Partially purified EPS was used for plant growth promotion assay with Vigna radiata. Dicot Vigna radiata was chosen for study, because it is easy to handle plant having short lifespan and that can be cultivated in pot under laboratory conditions with very few requirements. In plant growth promotion assay, result indicated that EPS produced by organism enhanced two-fold growth of plant Vigna radiata (Figure 3). In another species, sporulated MAMCC (mycelium and spores) was collected in sterile glucose saline. 25 mL spore suspension having 99.25 spores/mL (Figure 4) was sprinkled on pot-II to pot-IV. Pot-I (control) was kept untreated. Enhancement in growth of Vigna radiata was observed and recorded after 17 days of growth (Figures 5-6, Table 3(a)).
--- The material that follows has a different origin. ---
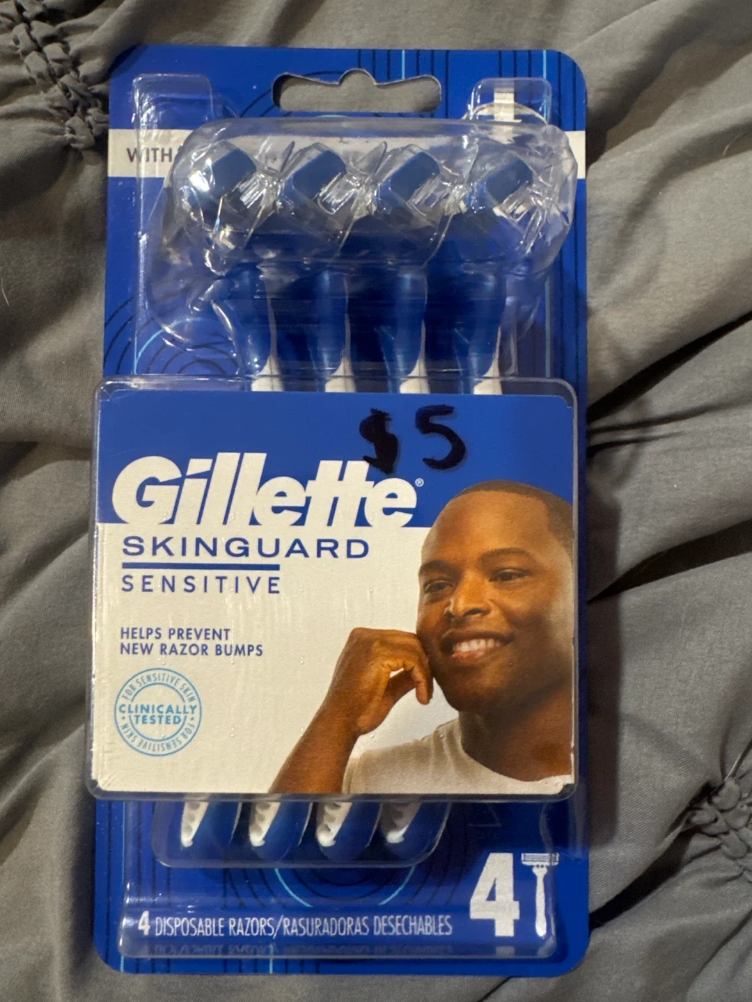 Selling a pack of Gillette SkinGuard Sensitive disposable razors. This pack includes 4 razors designed to help prevent new razor bumps and is clinically tested for sensitive skin. Great for a smooth and comfortable shave!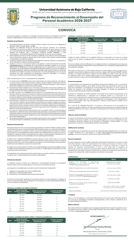 Estimadas y estimados profesores de la Facultad de Ciencias Administrativas y Sociales (FCAyS) les informamos que el sistema electrónico de registro para el Programa de Reconocimiento al Desempeño del Personal Académico (Predepa) 2026-2027 (http://predepa.uabc.mx/ ) inicia el 9 de diciembre y permanecerá abierto hasta el 6 de febrero de 2026 a las 16:00 horas.

We have studied effect of consortium of PANCL biopolymer and MAMCC spores for their plant growth promotion ability. Pot-V soil was mixed with PANCL biopolymer and MAMCC spores suspension in 1 : 1 ratio. Remarkable growth of Vigna radiata was recorded after every 48 h up to 17 days of growth. Also, it was observed that consortium has increased chlorophyll content (Figure 7). After 17 days, all plants (from both control and exp. pot) were taken out and dried at temperature 45°C for 48 hours. Wet weight of total 50 plants at the time of harvest was taken for each pot and respective control. Roots were observed for presence root nodules. It was observed that there were no such clear root nodules on toots of Vigna radiata observed. This indicates that enhanced plant growth was incurred due to positive effects of biopolymer and spores. There was considerable increase in dry weight of plant biomass in experimental pot-II and pot-V (Table 3(b)).

Table 3
Figure 3: PANCL: plant growth promotion assay using PANCL exopolysaccharide.
Figure 4: MAMCC: sporulation.
Figure 5: PANCL: plant growth promotion assay pot-II.
Figure 6: PANCL: plant growth promotion assay pot-IV.
Figure 7: Plant growth promotion activity by consortium of PANCL (biopolymer) and MAMCC (fungal spores).

4. Discussion

Bacteria that colonize in the rhizospheric soil and at the root zone and promote plant growth are termed as plant growth promoting bacteria. These include many free-living dinitrogen fixers such as Azotobacter, Azospirillum, Bradyrhizobium, Enterobacter, Pseudomonas and Bacilli. Bacterium showing plant growth is frequently reported worldwide by many research groups as potent plant growth promoting rhizobacteria and acts as biofertilizers [17]. There are scarce reports/literature available on Metarhizium anisopliae used itself or its spores as plant growth promoter. Fungal species like Metarhizium robertsii are capable of growing in soil near rhizosphere. Naturally, they shed conidia which adhere to soil and roots. After germination under favorable condition conidia adhered germinated and colonized roots and root zone. There is evidence that Metarhizium grew faster and increase the density of plant root hairs. This indicates that Metarhizium robertsii displays a beneficial endophytic association helpful for the proliferation of root hairs [18]. The experiments performed and results generated in this paper are entirely different. We have combined one bacterial biopolymer and fungal spores. Complete sterilization of the soil killed the resident flora of soil. The sterile soil without microbial flora was used. This also minimized the chances of rhizobium to get place into root nodules of legume Vigna radiata. The proposed experiment in fixed pipeline solves the problem about the growth of plants with least or no microflora present. This entire experiment will be useful for green economy and modern agriculture practices.

5. Conclusion

From the results, it was concluded that Pseudomonas aeruginosa NCIM 2945 (PANCL) and Metarhizium anisopliae MCC1129 (MAMCC) possess property to enhance the growth of crop plant Vigna radiata. Thus, PANCL and MAMCC may find application agriculture industry, that is, for increased crop yield and forage production.

Competing Interests

The authors declare that there is no conflict of interests regarding the publication of this paper.